═══ EXTRACTED MATERIAL ═══

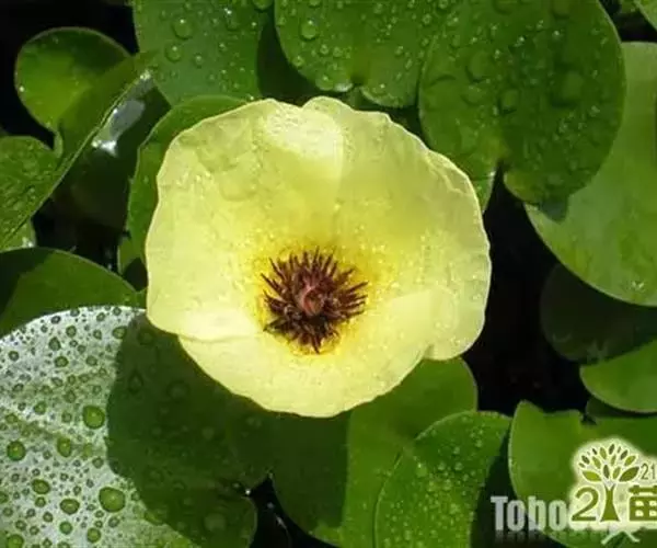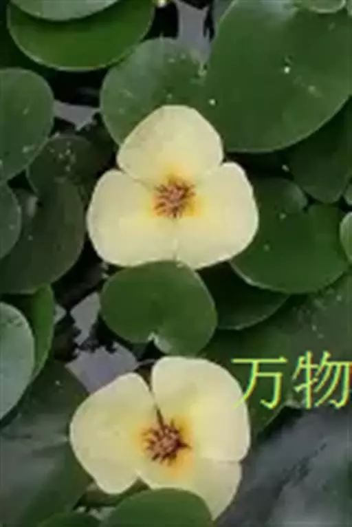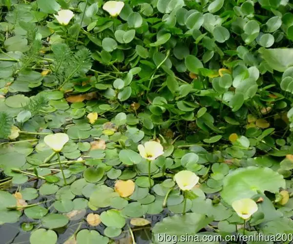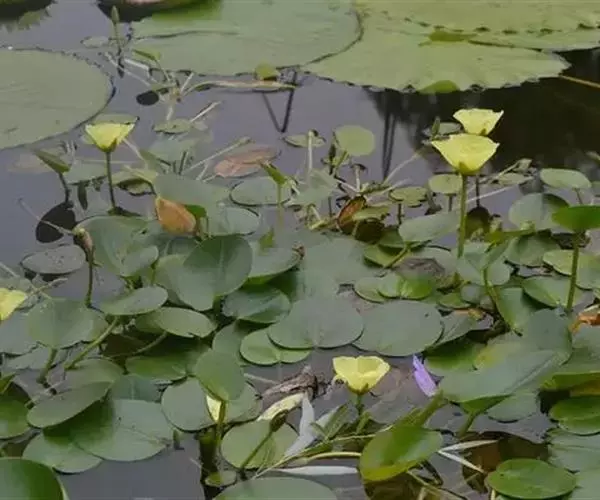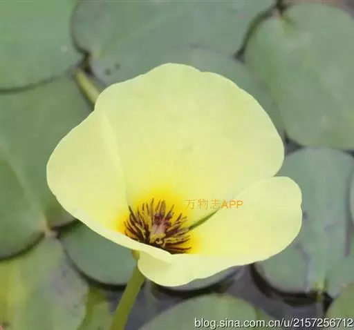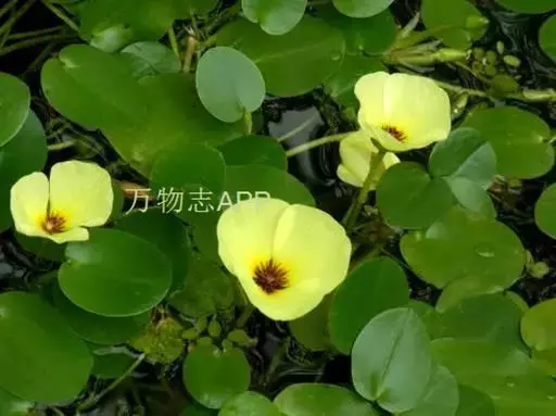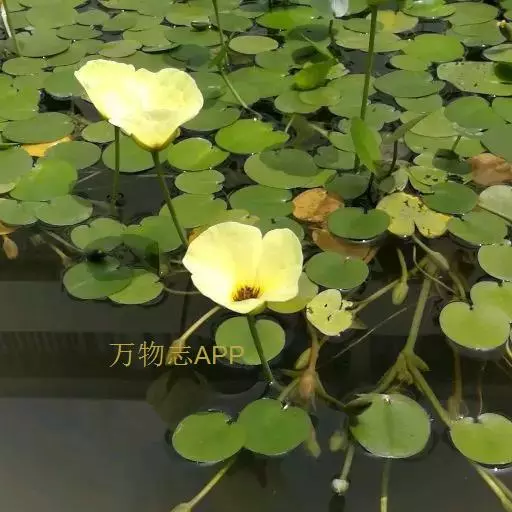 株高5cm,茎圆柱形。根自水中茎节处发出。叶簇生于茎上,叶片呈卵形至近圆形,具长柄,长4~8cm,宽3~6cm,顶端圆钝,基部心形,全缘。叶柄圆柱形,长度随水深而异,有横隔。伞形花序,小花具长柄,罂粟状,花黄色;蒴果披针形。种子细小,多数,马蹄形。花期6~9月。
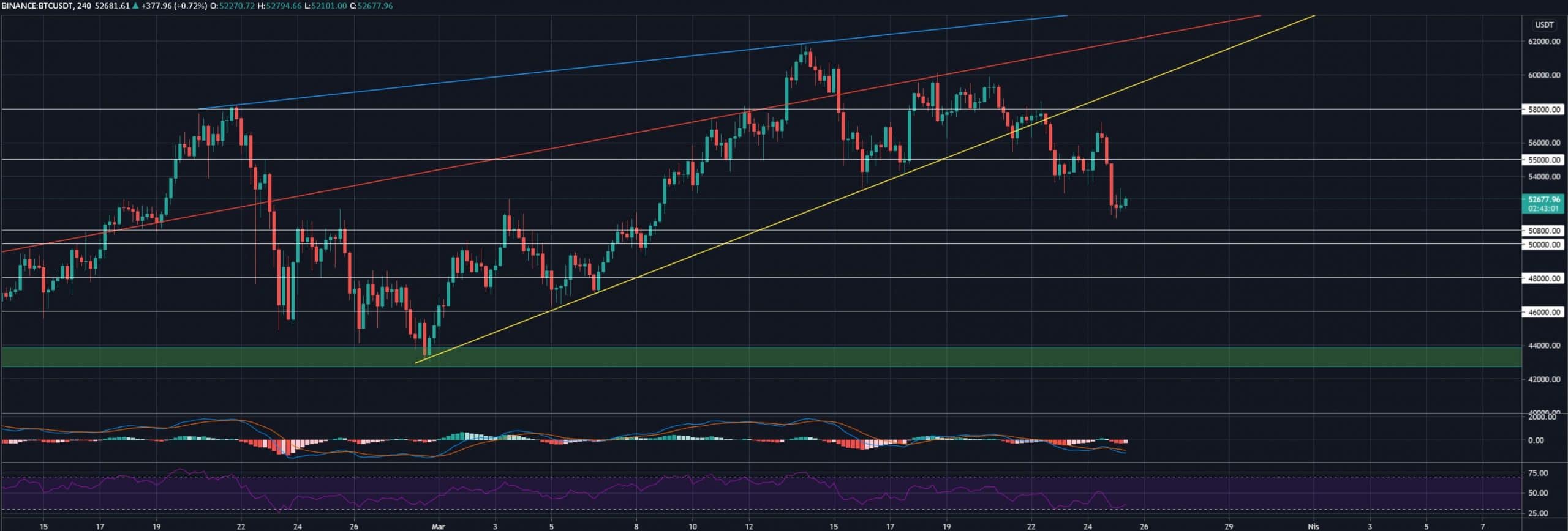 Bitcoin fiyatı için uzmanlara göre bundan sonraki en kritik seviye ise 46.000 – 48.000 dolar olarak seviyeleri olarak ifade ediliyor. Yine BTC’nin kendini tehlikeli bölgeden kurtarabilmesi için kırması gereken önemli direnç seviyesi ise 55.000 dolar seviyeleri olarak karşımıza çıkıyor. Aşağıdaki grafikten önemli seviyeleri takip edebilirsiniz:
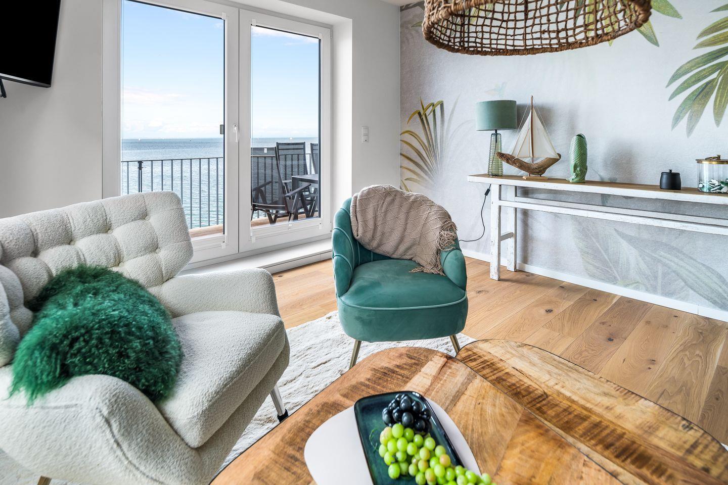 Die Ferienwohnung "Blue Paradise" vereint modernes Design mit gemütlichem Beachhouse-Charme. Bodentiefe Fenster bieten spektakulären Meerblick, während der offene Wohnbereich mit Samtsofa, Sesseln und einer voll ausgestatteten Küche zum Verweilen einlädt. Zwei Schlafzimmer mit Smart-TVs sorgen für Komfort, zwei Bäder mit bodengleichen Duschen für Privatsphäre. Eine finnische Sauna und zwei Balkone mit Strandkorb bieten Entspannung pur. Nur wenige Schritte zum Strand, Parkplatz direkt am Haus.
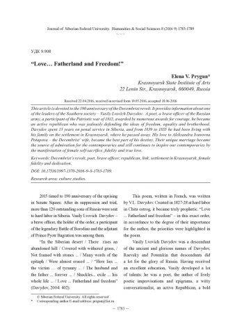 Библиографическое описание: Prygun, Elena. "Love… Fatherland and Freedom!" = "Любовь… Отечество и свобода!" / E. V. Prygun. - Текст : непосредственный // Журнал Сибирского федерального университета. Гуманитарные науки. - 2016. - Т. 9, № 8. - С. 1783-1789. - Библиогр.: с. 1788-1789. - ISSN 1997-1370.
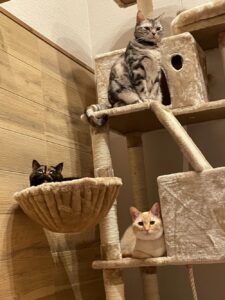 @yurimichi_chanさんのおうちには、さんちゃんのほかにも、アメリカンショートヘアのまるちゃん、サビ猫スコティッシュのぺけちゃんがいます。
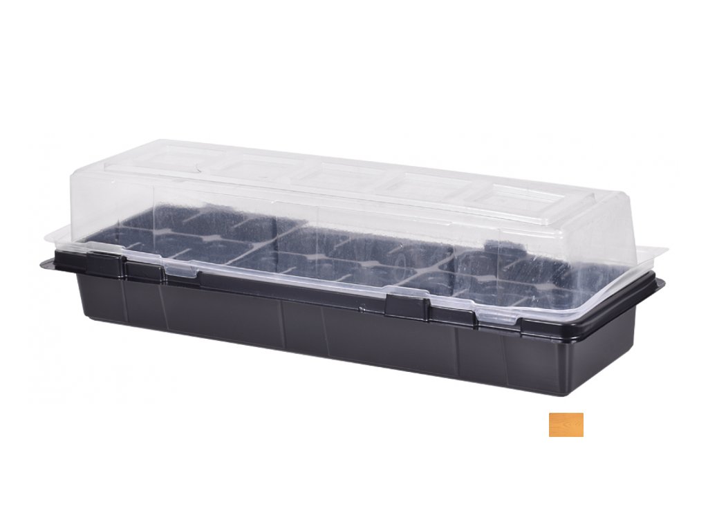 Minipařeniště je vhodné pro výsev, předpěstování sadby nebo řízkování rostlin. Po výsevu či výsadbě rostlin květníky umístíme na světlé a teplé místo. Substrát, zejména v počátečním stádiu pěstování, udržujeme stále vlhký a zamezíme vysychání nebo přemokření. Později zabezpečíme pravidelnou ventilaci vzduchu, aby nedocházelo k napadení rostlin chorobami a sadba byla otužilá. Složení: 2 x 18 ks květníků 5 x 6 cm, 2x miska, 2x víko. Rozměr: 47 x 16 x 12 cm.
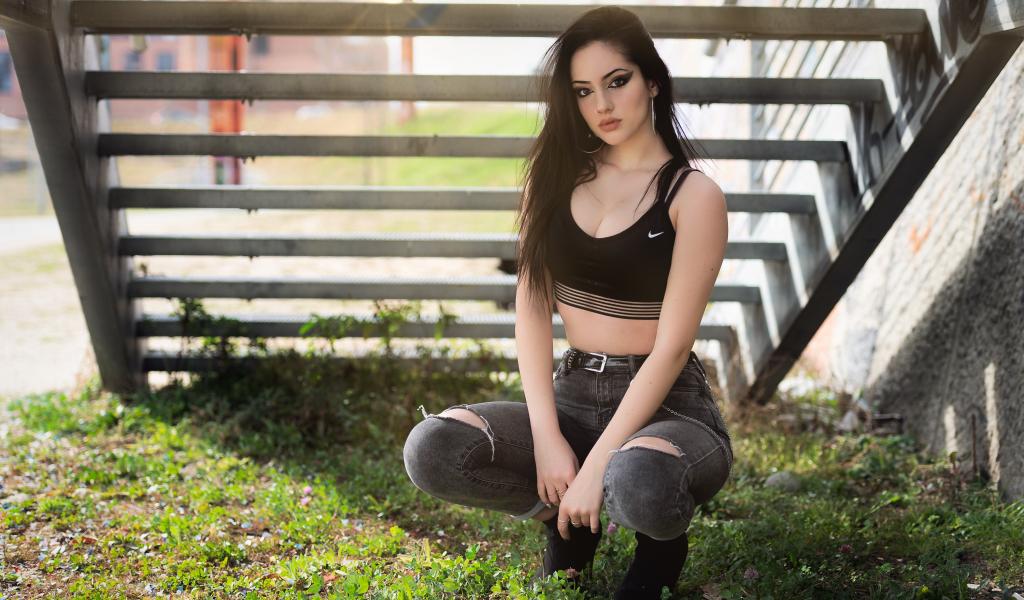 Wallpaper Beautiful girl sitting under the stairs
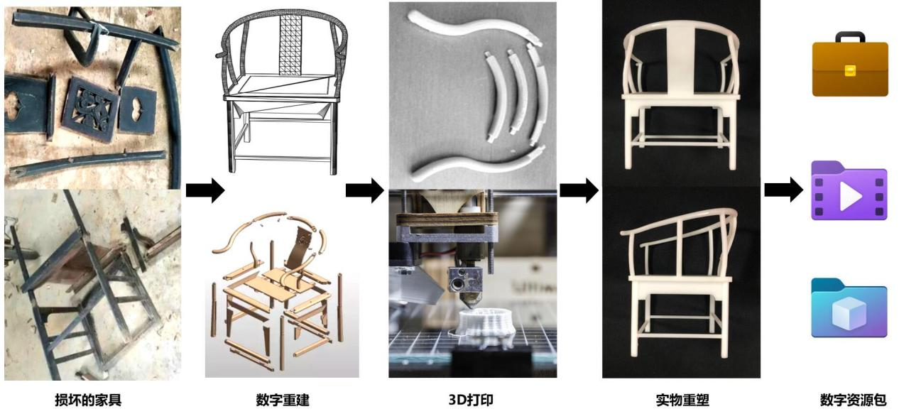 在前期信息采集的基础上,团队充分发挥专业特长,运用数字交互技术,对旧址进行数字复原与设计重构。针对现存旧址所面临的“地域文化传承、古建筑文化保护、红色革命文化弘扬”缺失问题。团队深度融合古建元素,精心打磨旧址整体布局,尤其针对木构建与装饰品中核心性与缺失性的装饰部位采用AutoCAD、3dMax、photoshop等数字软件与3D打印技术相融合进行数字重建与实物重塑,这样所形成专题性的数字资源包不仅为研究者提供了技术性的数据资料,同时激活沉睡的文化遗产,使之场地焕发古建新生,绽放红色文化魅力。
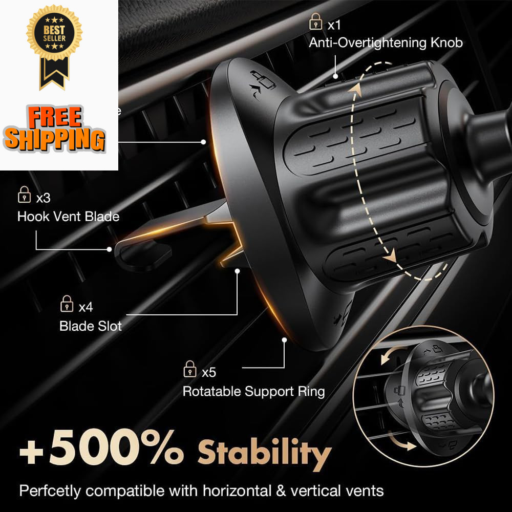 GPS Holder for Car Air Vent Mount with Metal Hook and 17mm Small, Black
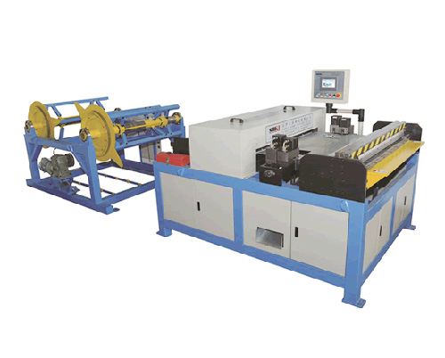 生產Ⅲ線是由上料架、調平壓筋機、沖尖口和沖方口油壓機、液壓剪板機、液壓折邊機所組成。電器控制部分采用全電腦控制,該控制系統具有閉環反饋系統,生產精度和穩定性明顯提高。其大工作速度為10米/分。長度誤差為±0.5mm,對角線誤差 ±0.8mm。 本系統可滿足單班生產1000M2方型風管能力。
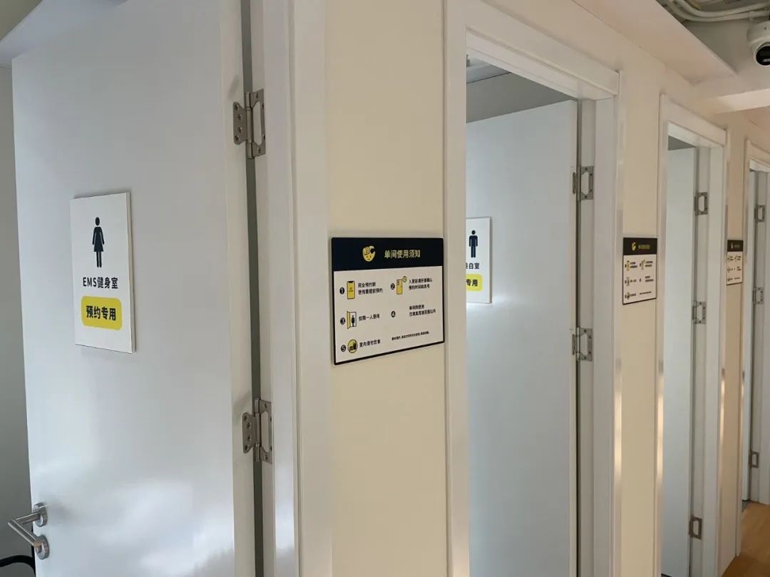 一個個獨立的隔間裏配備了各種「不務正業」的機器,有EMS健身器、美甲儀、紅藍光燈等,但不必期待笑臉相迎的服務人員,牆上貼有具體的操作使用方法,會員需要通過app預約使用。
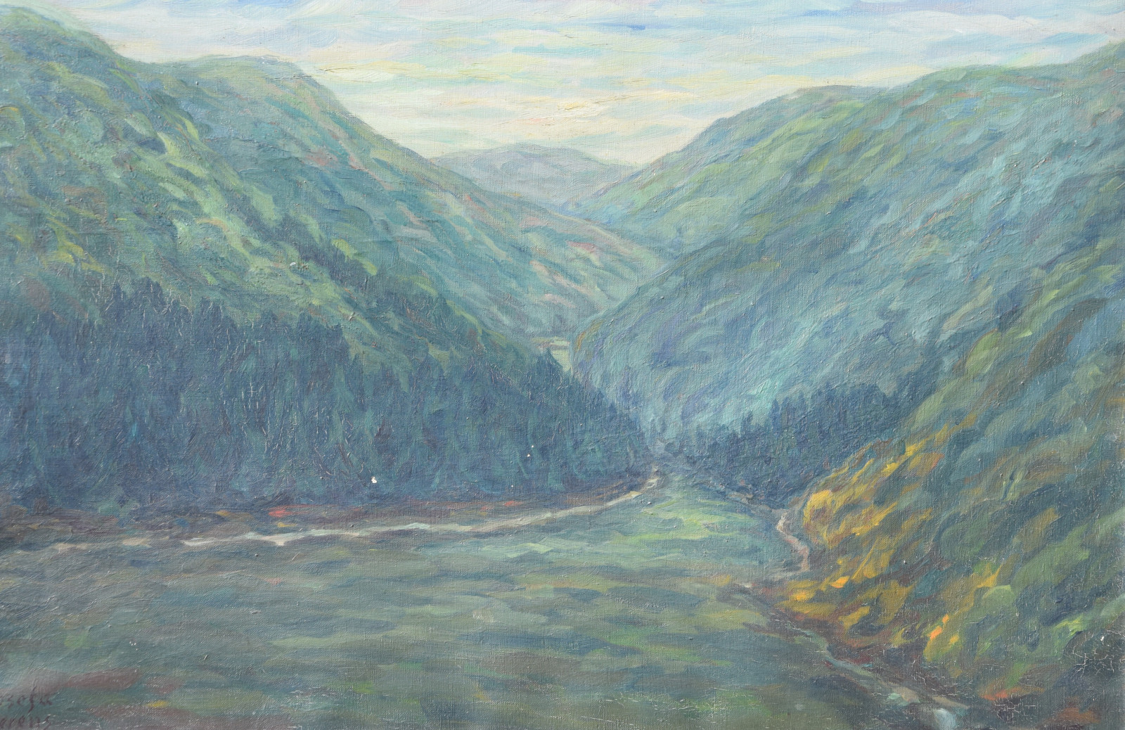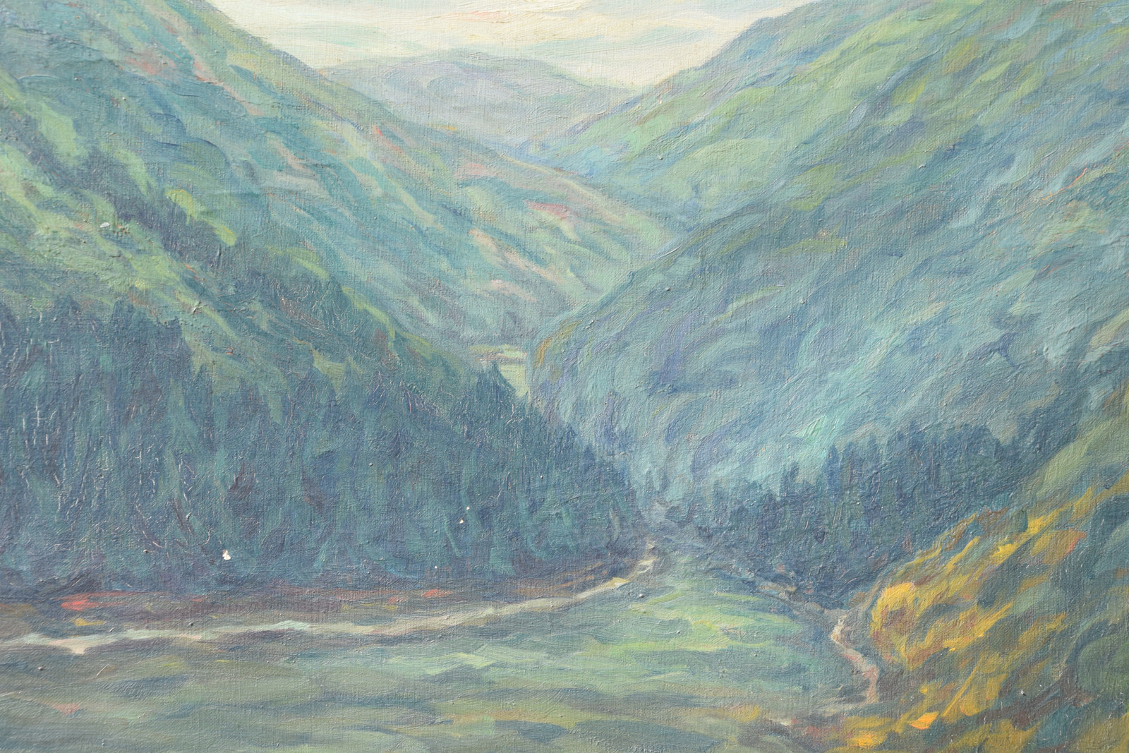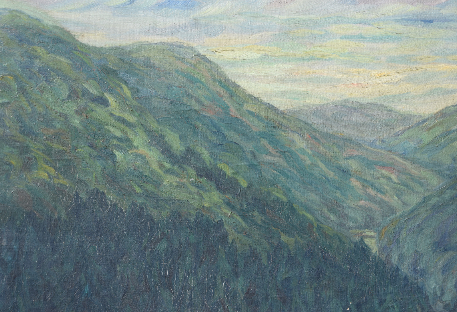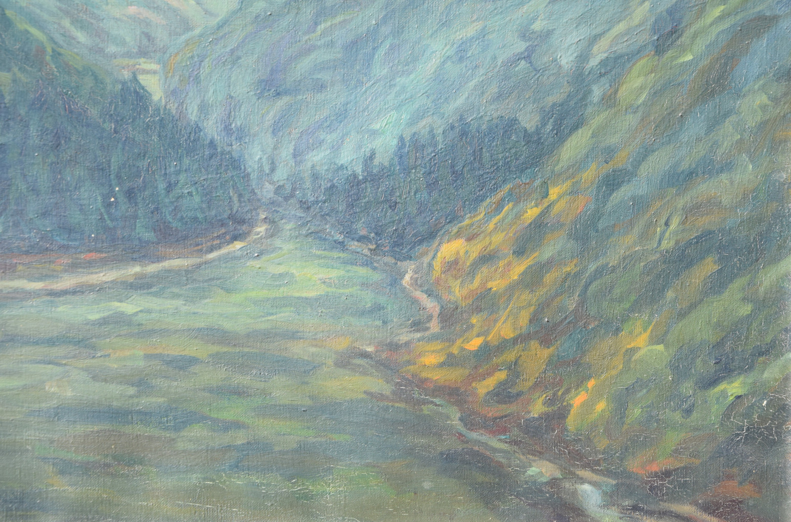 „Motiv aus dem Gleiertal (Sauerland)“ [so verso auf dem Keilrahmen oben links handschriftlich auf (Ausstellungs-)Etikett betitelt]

═══

- [PROMPT]: Give back the material exactly as written, from its first line to the line that contains "Bitcoin fiyatı için", and leave out the pictures.

- [RESPONSE AREA]:
 株高5cm,茎圆柱形。根自水中茎节处发出。叶簇生于茎上,叶片呈卵形至近圆形,具长柄,长4~8cm,宽3~6cm,顶端圆钝,基部心形,全缘。叶柄圆柱形,长度随水深而异,有横隔。伞形花序,小花具长柄,罂粟状,花黄色;蒴果披针形。种子细小,多数,马蹄形。花期6~9月。
 Bitcoin fiyatı için uzmanlara göre bundan sonraki en kritik seviye ise 46.000 – 48.000 dolar olarak seviyeleri olarak ifade ediliyor. Yine BTC’nin kendini tehlikeli bölgeden kurtarabilmesi için kırması gereken önemli direnç seviyesi ise 55.000 dolar seviyeleri olarak karşımıza çıkıyor. Aşağıdaki grafikten önemli seviyeleri takip edebilirsiniz:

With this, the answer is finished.